Our present health care system feels more socialistic than in Canada, where majority of docs are self employed and their own boss. In America, everyone pays into this inefficient system that creates lots of bureacracy and clerical jobs. People pay lots of money into this big pot called premiums. Then a few companies control everything else that happens. Pts can't find docs who take their ins (because their ins pays so poorly, if at all). Pts have already paid a lot of money and then feel it is unfair for docs to charge them again, not knowing, we don't get paid fairly by their insurance co. for all the work we do.

Big business has all the power and we are the pawns. Need some sort of regulation to even out the power. In Canada the docs are allowed to organized and negotiates w the gov't in good faith. Also another difference between Canada and here: the Canadian gov't regulates lots of things in society. In USA, the regulation comes from the free market and lawyers. My explanation as to why we need so many lawyers in this country: the gov't tends to be hands off. In any society to work, we need checks and balances otherwise greed is a powerful driver and can take over. Look at what happened to the unregulated morgage industry...

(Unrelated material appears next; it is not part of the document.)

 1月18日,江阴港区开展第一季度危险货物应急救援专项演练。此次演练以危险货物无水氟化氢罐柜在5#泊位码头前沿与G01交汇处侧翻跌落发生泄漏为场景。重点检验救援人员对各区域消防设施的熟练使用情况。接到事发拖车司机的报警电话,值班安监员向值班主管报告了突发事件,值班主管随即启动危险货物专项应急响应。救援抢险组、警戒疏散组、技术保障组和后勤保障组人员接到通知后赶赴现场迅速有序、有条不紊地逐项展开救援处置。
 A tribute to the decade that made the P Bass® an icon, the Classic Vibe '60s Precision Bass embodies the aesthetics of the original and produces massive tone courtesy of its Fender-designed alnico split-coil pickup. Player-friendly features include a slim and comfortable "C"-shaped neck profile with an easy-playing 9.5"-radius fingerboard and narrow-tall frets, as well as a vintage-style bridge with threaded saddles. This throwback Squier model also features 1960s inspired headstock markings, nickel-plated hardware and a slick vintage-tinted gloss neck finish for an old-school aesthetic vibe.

Sorry for the long rant...

Wow, Gordon, I love it when passionate outrage sneaks in between the lines of one of your entries. I have often placed the calls for prior authorization from the examining room, with the patient listening-in, and the speaker-phone button pushed ... Patients do appreciate the effort, and share my disappointment when we get turned-down together (being required by the nurse in Atlanta, or St. Louis, to document that they failed to get good response to Neurontin, and that they had bad side effects from 2 different tricyclics for the neuropathic pain, before they would open the purse-strings to help them pay for the Lyrica which worked so well when the rheumatologist gave them some free samples ...). One day, the lady on the prior-authorization line realized that I was on speaker phone, and she insisted that I had to hang-up and call back on a different line, or she would hang-up on me. I tried to get her to bring her superviser to the phone, but he was in a meeting ... Oh, shucks. I am sure that the one-party-payor system in Canada has flaws, but this system is just rotten to the core.

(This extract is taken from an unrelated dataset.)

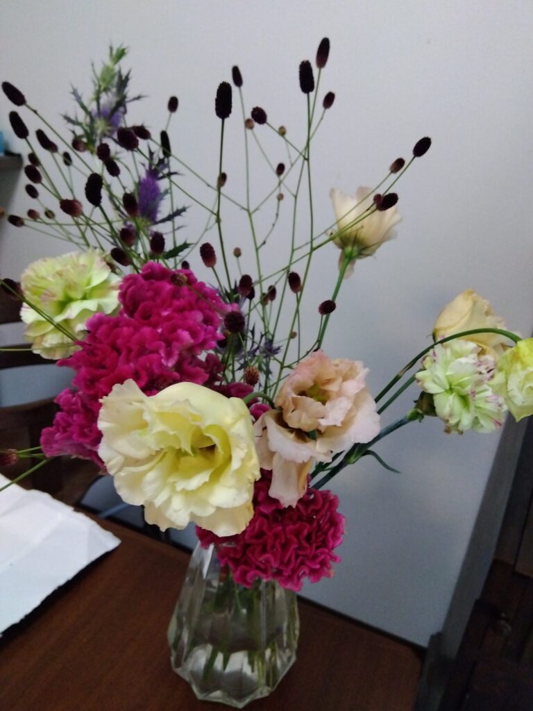 息子たちからお花をプレゼントされると義母はとても喜んでくれたけど、またなんとも渋いラインで花束ができました

The public is mostly unaware of how amazingly complex, time consuming, and trivial our work is when we're not in the room with them.

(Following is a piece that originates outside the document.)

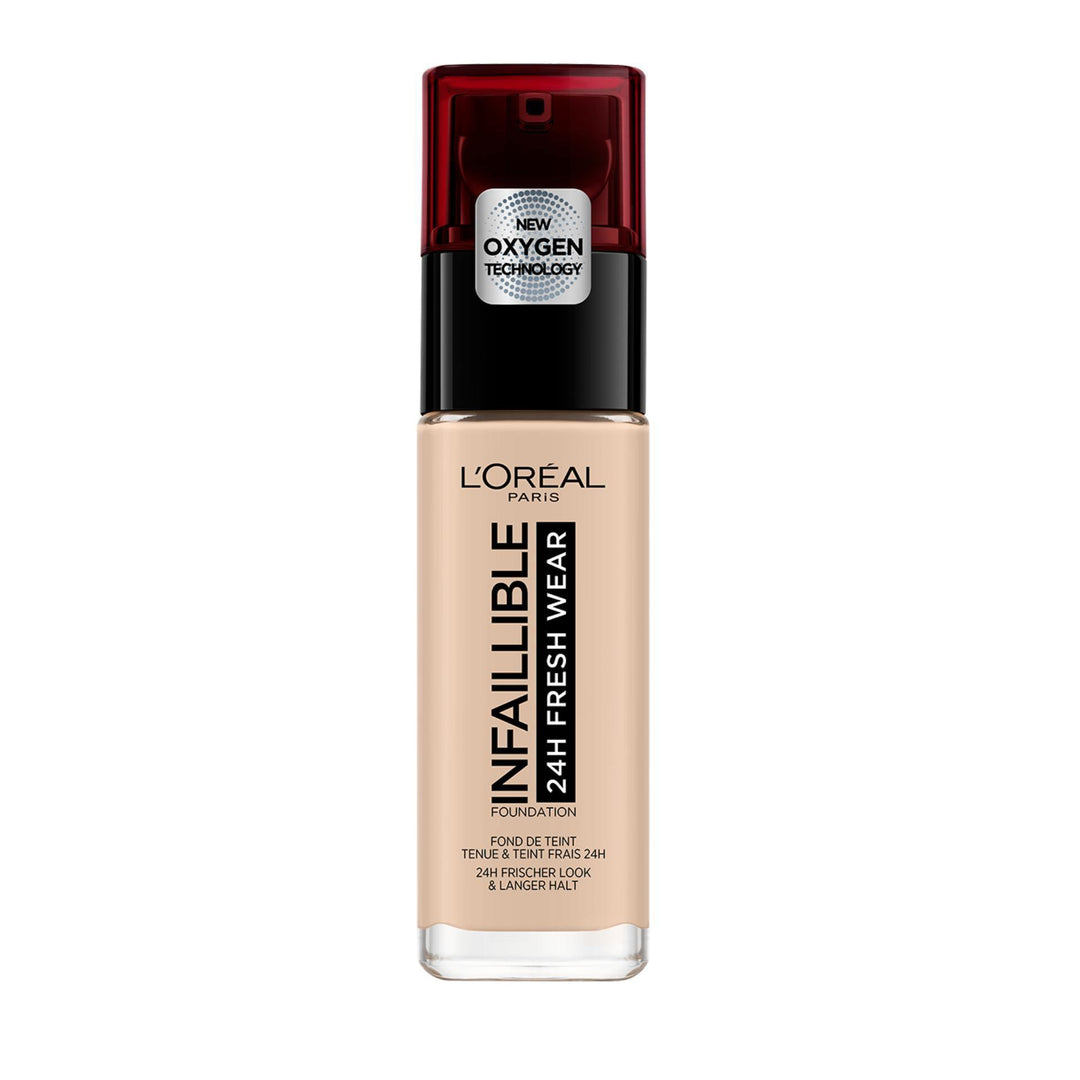 Introducing Infallible 24H Foundation by LOréal Paris. High coverage longwear foundation that hides the appearance of fatigue and blemishes. Now with Hydrating Hyaluron Complex the 24H non-stop formula stays on and feels fresh from day to night.

To help make the point, it is helpful to have on hand the policy documents you receive from insurers.

I love the 8.5x14 inch double sided documents from BCBS I used to receive inRochester NY telling me in 9pt type all the variations for co-payments. The co-pay varied based on the type of visit, the employer contract, and the type of plan(s) chosen by the employer.

I imagine a wall in each of our offices (waiting room wall would be good) that is papered over by the documentation requirements for prior authorization, the documentation requirements for CPT codes, the auto-rejected claims based on down-coding engines, the rejected claims. I imagine a collage showing how many times you have to re-submit to get paid a fraction, and what happens when a patient has Medicare primary and a supplemental insurance. We could paper an entirely different wall with all the formularies from the different insurers (make sure to point out that they get legal kickbacks from the pharmaceutical industry to steer their "members" to certain drugs.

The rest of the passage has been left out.